◆ Task directions
Nothing but the lines below, from the first through the line containing "A more colorful", should be set down, each one exactly and without pictures.

◆ Dataset excerpt
*** Begin section ***

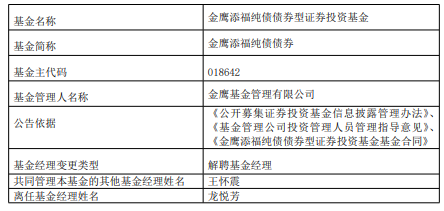 中国经济网北京1月19日讯 近日,金鹰基金公告,龙悦芳离任金鹰添福纯债债券,王怀震管理。 王怀震曾任新疆证券有限责任公司研究所行业研究员,浙商银行股份有限公司债券交易员,招商证 券股份有限公司投资经理,银华基金管理股份有限公司基金经理,歌斐诺宝资产管理公司总经理助理, 嘉实基金管理有限公司投资经理,招商信诺资产管理有限公司副总经理等职务。2022年7月加入金鹰管 理有限公司,现任总经理助理、混合投资部总经理、基金经理。 金鹰添福纯债债券A/C成立于2023年09月25日,截至2026年01月16日,其今年来收益率为0.06%、 0.06%,成立来收益率为6.98%、6.49%,累计净值为1.0688元、1.0641元。 | 基金名称 | 金鹰漆福纯债债券型证券投资基金 | | --- | --- | | 基金简称 | 金鹰漆福纯债债券 | | 基金主代码 | 018642 | | 基金管理人名称 | 金鹰基金管理有限公司 | | 公告依据 | 《公开募集证券投资基金信息披露管理办法》、 | | | 《基金管理公司投资管理人员管理指导意见》、 《金鹰漆福纯债券型证券投资基金基金合同》 | | 基金经理变更类型 ...
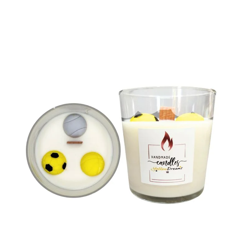 Κερί διακοσμημένο με 3 αθλητικές μπάλες, από φυτικό 100% κερί σόγιας, σε άρωμα της επιλογής σας!!!
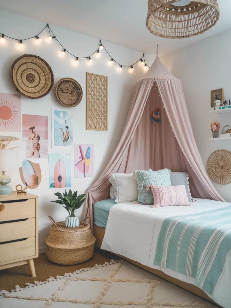A more colorful interpretation featuring a gallery wall of beach photography, woven baskets, and a dramatic bed canopy. The mint green and pink accents create a fresh, youthful energy.
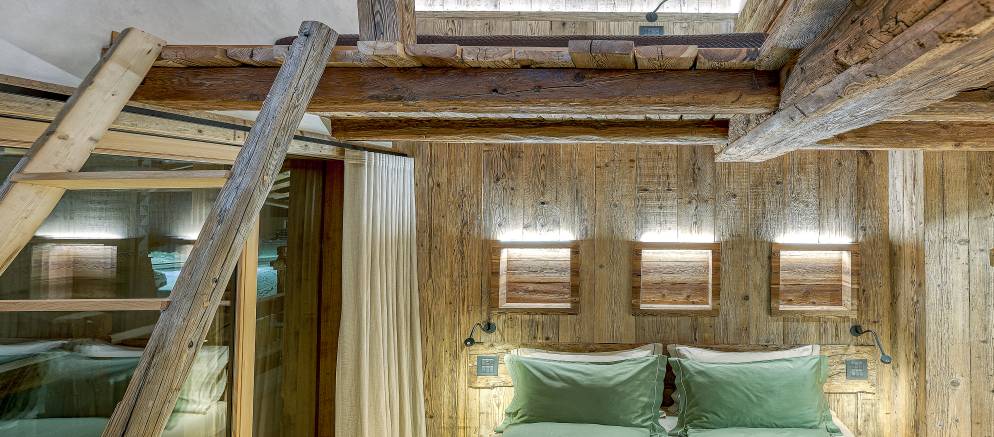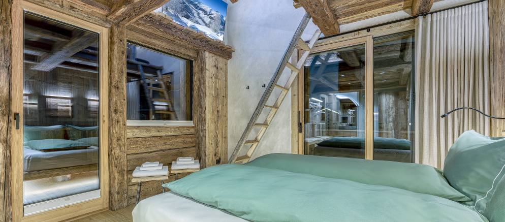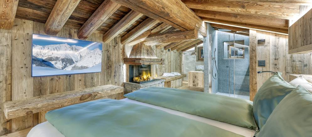 The remaining four bedrooms are arranged across the top two floors of the chalet. The first is a double bedroom that has a corner fireplace, 2 private balconies and an en-suite with double shower. The next is a spacious double bedroom with both a bath and shower and balcony access. This bedroom also has a mezzanine area with a single bed accessed by a wood ladder.

*** End section ***

◆ Exercise response
 中国经济网北京1月19日讯 近日,金鹰基金公告,龙悦芳离任金鹰添福纯债债券,王怀震管理。 王怀震曾任新疆证券有限责任公司研究所行业研究员,浙商银行股份有限公司债券交易员,招商证 券股份有限公司投资经理,银华基金管理股份有限公司基金经理,歌斐诺宝资产管理公司总经理助理, 嘉实基金管理有限公司投资经理,招商信诺资产管理有限公司副总经理等职务。2022年7月加入金鹰管 理有限公司,现任总经理助理、混合投资部总经理、基金经理。 金鹰添福纯债债券A/C成立于2023年09月25日,截至2026年01月16日,其今年来收益率为0.06%、 0.06%,成立来收益率为6.98%、6.49%,累计净值为1.0688元、1.0641元。 | 基金名称 | 金鹰漆福纯债债券型证券投资基金 | | --- | --- | | 基金简称 | 金鹰漆福纯债债券 | | 基金主代码 | 018642 | | 基金管理人名称 | 金鹰基金管理有限公司 | | 公告依据 | 《公开募集证券投资基金信息披露管理办法》、 | | | 《基金管理公司投资管理人员管理指导意见》、 《金鹰漆福纯债券型证券投资基金基金合同》 | | 基金经理变更类型 ...
 Κερί διακοσμημένο με 3 αθλητικές μπάλες, από φυτικό 100% κερί σόγιας, σε άρωμα της επιλογής σας!!!
A more colorful interpretation featuring a gallery wall of beach photography, woven baskets, and a dramatic bed canopy. The mint green and pink accents create a fresh, youthful energy.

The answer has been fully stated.